第一根定海铜柱被硬生生从玄冰地面里拔了出来。
密室里迴荡著机械引擎的轰鸣。
萧月操控著机甲,干起拆迁的活轻车熟路。
他抡著砍刀当撬棍。
左摇右晃。
很快就把周围的十八根定海铜柱全部拔出。
铜柱被隨手扔在地上,砸碎了成片的玄冰。
造化炉底部失去了固定。
巨大的炉身开始轻微摇晃。
陆云泽通过通讯器联繫天穹號。
“顺溜,准备传送。”
顺溜机械的声音传出。
“老板,目標体积过大。”
“需要十秒钟建立稳定的空间传送通道。”
陆云泽退后几步。
“建立通道。”
一道巨大的蓝色牵引光束从天而降。
直接穿透了厚重的土层和岩石,照在造化炉上。
空间开始扭曲。
造化炉在蓝色光束中逐渐变得透明。
十秒钟后。
光芒一闪。
这座百米高的青铜丹炉凭空消失在原地。
只留下一个深不见底的巨坑。
坑底还在往外冒著丝丝缕缕的寒气。
红莲这个时候也没閒著。
她拖著化肥编织袋,在密室里到处乱窜。
把地上掉落的铜柱、碎裂的阵法晶石,甚至那些品质不错的玄冰块。
一股脑地全塞进袋子里。
袋子被塞得鼓鼓囊囊,比她整个人还要大两倍。
陆云泽走到那个遗民老者面前。
“造化炉我拿走了。”
“你们有什么打算?”
老者满脸苦涩。
他回头看了一眼那些惊魂未定的族人。
“大人,我们在幽冥之界无处可去。”
“南区毁了,外城的亡灵也不会放过我们。”
“如果您愿意,请允许我们追隨您。”
陆云泽看了一眼这些气血亏空的人。
人数不多,也就五十几个。
丟在天穹號上当个杂役或者扔进云梦天宫种地也不费事。
他点头同意。
“顺溜,开启生物传送,把这些人送去底层船舱安置。
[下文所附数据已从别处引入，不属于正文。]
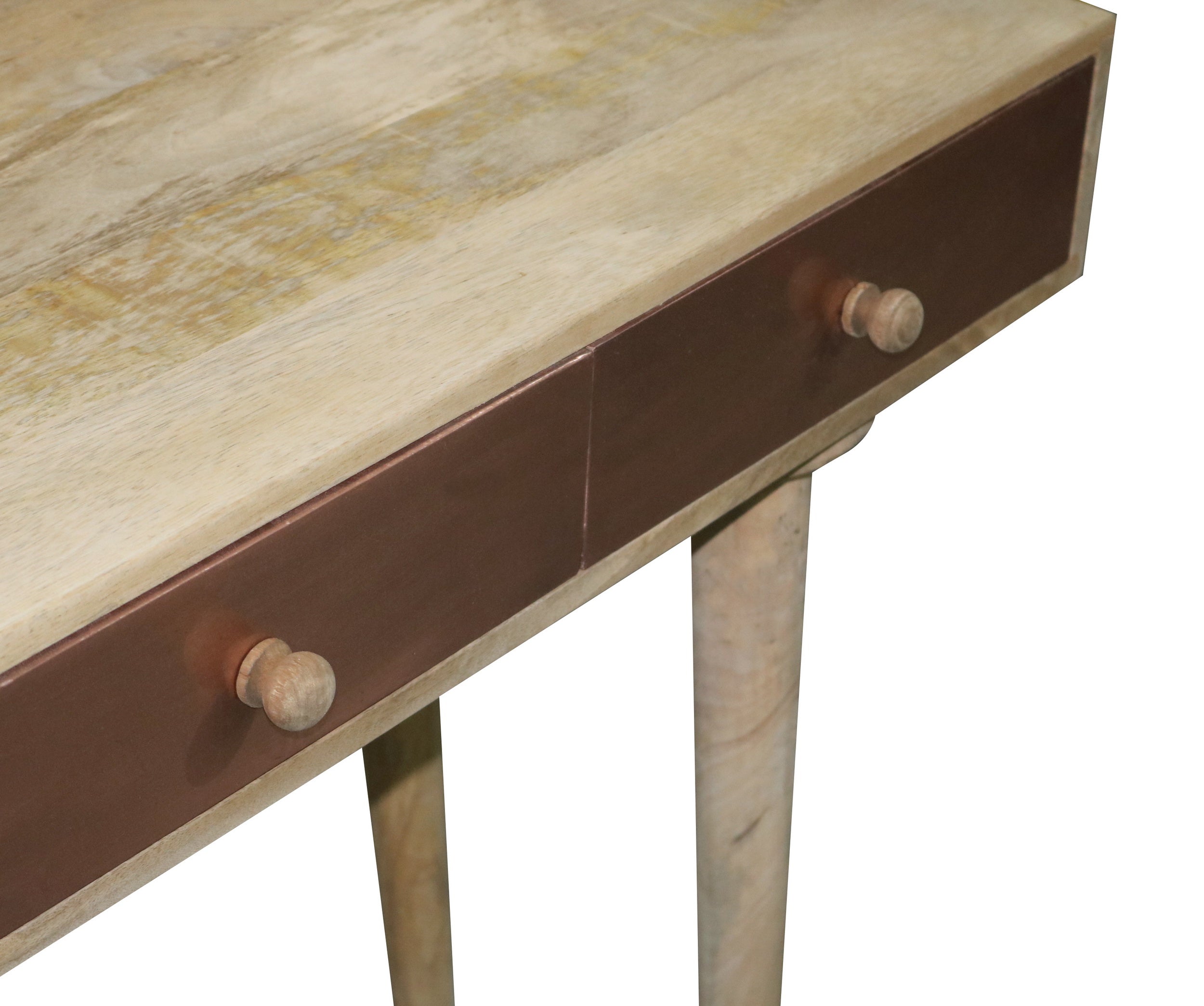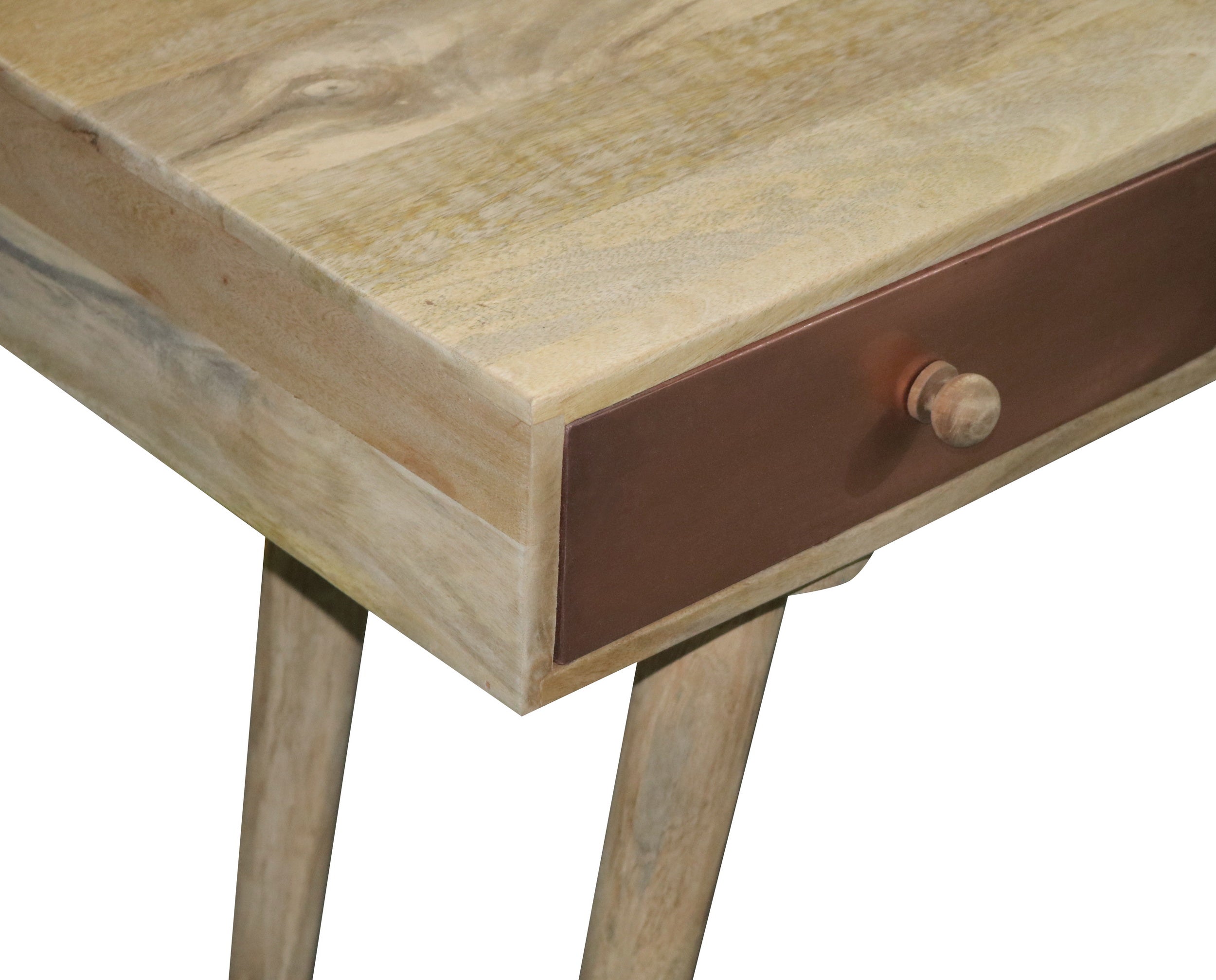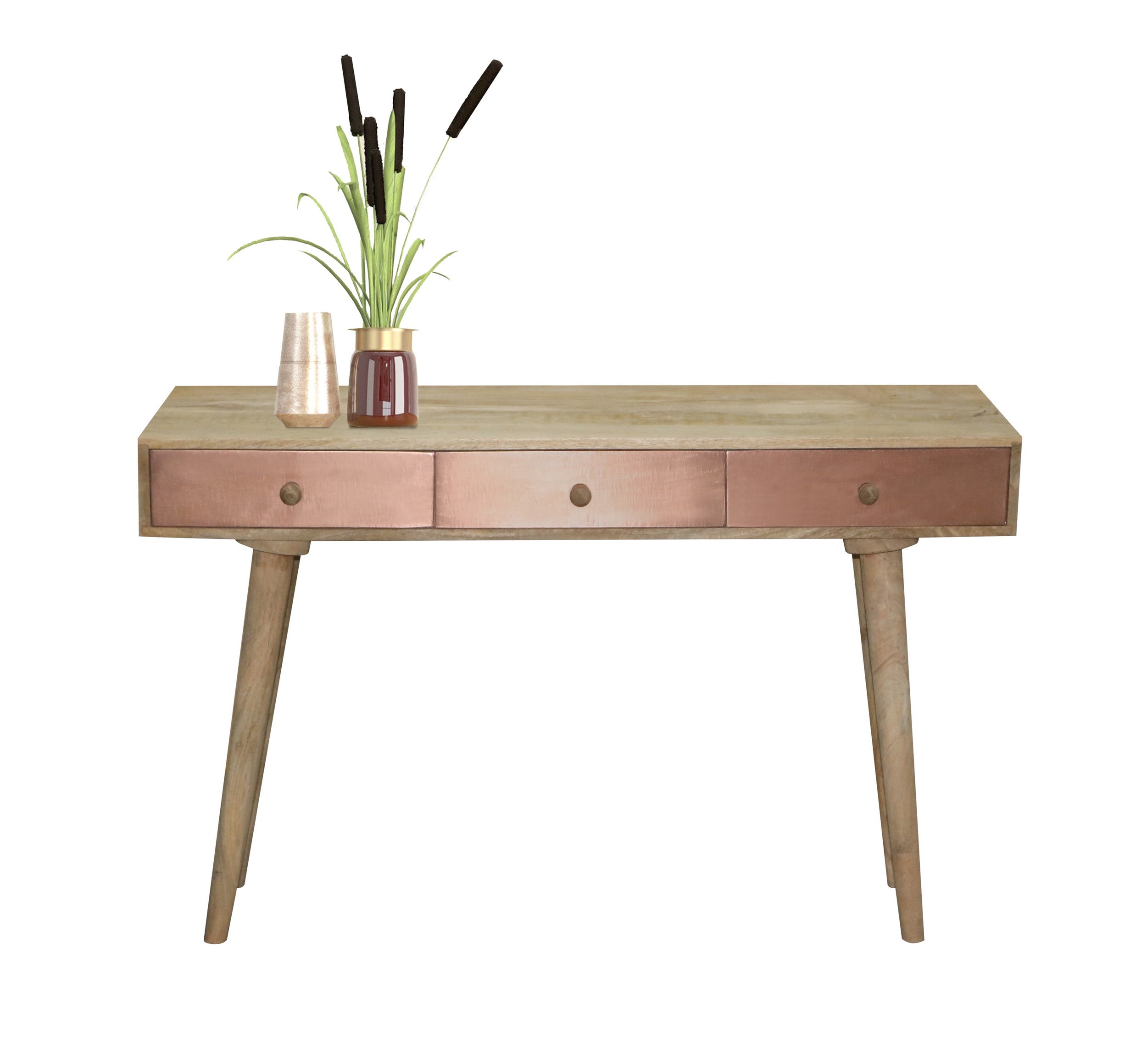 How fun is this? A great table for behind a sofa or just by itself. For those that want a little something different. A mid modern style design with 3 drawers for your hidden storage needs. Drawer fronts have actual copper applied to the face and wooden guides for opening. Wooden drawer knobs are the perfect simplistic touch to this great look.

”
蓝光再次降临,將这群遗民收走。
林清璇走到巨坑边缘。
看了一眼坑底。
“云泽,南冥王死了,我们在这里搞出这么大动静。”
“內城其他三个冥王不会没反应吧?”
陆云泽把金箍棒扛在肩上。
“没反应才怪。”
话音刚落。
整个內城的地面突然开始剧烈震动。
震动的幅度越来越大。
密室的玄冰墙壁出现大面积龟裂。
头顶的岩层发出咔咔的碎裂声。
大块的碎石从天花板上掉落。
慕容凝冰迅速撑起弱水护盾,挡住掉落的石头。
“地脉塌方了?”
夏语晴开启灾厄之眼。
湛蓝色的光芒穿透了岩层。
她抬头看向南区外的天空。
“不是塌方。”
“有东西醒了。”
在眾人头顶几千米的高空。
原本破碎的冥海结界处。
紫色的雾气疯狂翻滚凝聚。
在天空中形成了一张覆盖了半个內城的巨大面孔。
那是一张由纯粹死气构成的脸。
空洞的双眼正俯视著南区的方向。
一股超越了武圣巔峰,甚至隱隱触摸到武神门槛的恐怖威压。
如同瀑布般倾泻而下。
压在每一个人的心头。
红莲腿一软,直接坐在了地上。
“这……这是另一个冥王的气息!”
萧月在机甲里也感觉到了一丝压抑。
他握紧操纵杆。
“陆哥,这骨头架子比刚才那个黑大个猛多了。”
那张巨大的面孔张开嘴。
声音如同惊雷在天地间炸响。
“是谁,杀了我的同僚?”
这声音带著绝对的法则力量。
周围的空气仿佛凝固了。
陆云泽抬头看著那张巨脸。
一星武圣的气血再次爆发,把那股威压强行顶开。
他拍了拍胸口的护心镜。
“终於肯露面了。”
“走,上去会会他。”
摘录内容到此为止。